If she didn’t help him, his brother would die at Samhain’s hands and his blood would be on her as well. If it cost her death, as her dreams warned her, perhaps that was justice served.
“Come in,” Moira said, hearing the grudge in her voice. He’d think it was her reaction to the threat—and the police poking about the coven would end badly for all concerned.
But it wasn’t his threat that moved her. She took care of the people in her neighborhood, that was her job. The police she saw as brothers-in-arms. If she could help one, it was her duty to do so. Even if it was her life for his.
“You’ll have to wait until I get my coffee,” she told him, and her mother’s ghost forced the next bit of politeness out of her. “Would you like a cup?”
“No. There’s no time.”
He said that as if he had some idea about it—maybe the
sight
hadn’t passed him by either.
“We have until tomorrow night if Samhain has him.” She turned on her heel and left him to follow her or not, saying over her shoulder, “Unless they took him because he saw something. In which case he probably is already dead. Either way there’s time for coffee.”
He closed the door with deliberate softness and followed her. “Tomorrow’s Halloween. Samhain.”
“Kouros isn’t Wiccan, anymore than he is Greek, but he apes both for his followers,” she told him as she continued deeper into her apartment. She remembered to turn on the hall light—not that he’d need it, being a wolf. It just seemed courteous: allies should show each other courtesy. “Like a magician playing slight of hand he pulls upon myth, religion and anything else he can to keep them in thrall. Samhain, the time not the coven, has power for the fae, for Wicca, for witches. Kouros uses it to cement his own, and killing someone with a bit of power generates more strength than killing a stray dog and bothers him about as much.”

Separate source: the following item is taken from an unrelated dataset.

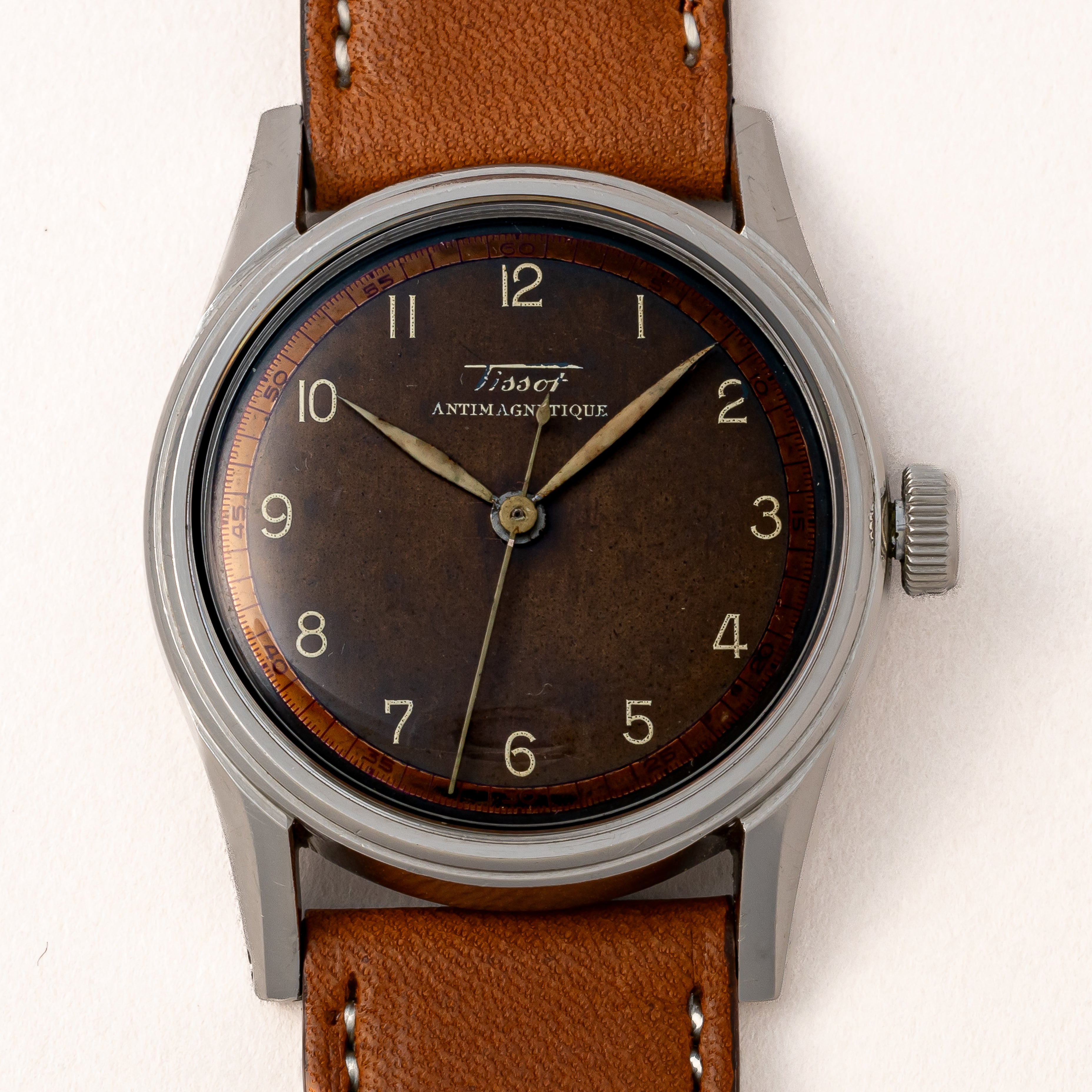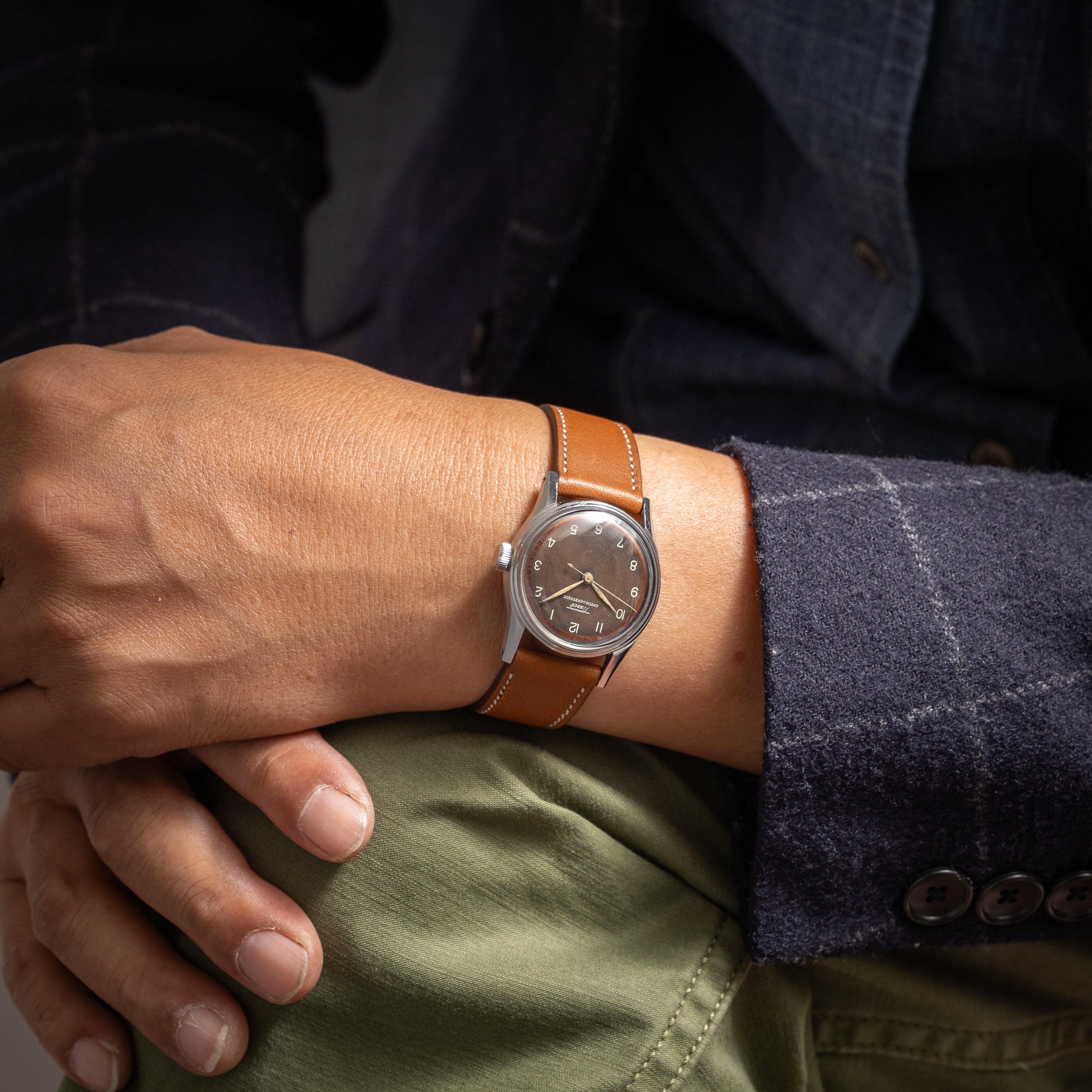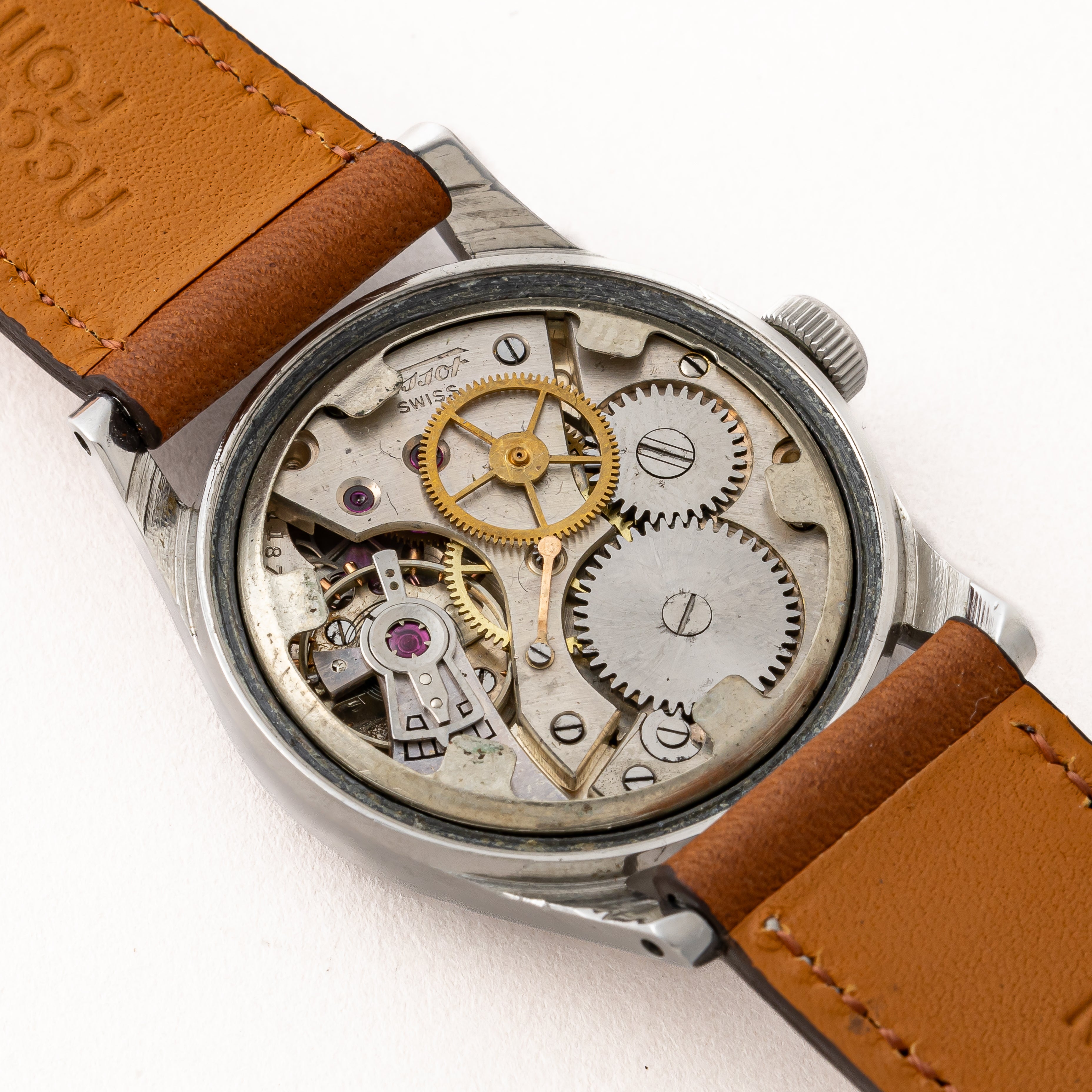 - ヴィンテージ時計の特性上、風防・パッキン・リューズ・バネ棒などの消耗部品は後年メンテナンス過程で交換されている場合がございます。オリジナル性を重視しておりますが、必要に応じて適切な部品にて調整されていますので、よりコレクション性重視のお求めのお客様は事前にご確認ください。

“Kouros?” He said it as if it solved some puzzle, but it must not have been important because he continued with no more than a breath of pause. “I thought witches were all women?” He followed her into the kitchen and stood too close behind her. If he were to attack, she wouldn’t have time to ready a spell.
But he wouldn’t attack, her death wouldn’t come at his hands tonight.
The kitchen lights were where she remembered them and she had to take it on faith that she was turning them on and not off, she could never remember which way the switch worked. He didn’t say anything so she must have been right.
She always left her coffeepot primed for mornings, so all she had to do was push the button and it began gurgling in promise of coffee soon.
“Um,” she said, remembering he’d asked her a question. His closeness distracted her—and not for the reasons it should. “Women tend to be more powerful witches, but you can make up for lack of talent with enough death and pain. Someone else’s, of course, if you’re a black practitioner like Kouros.”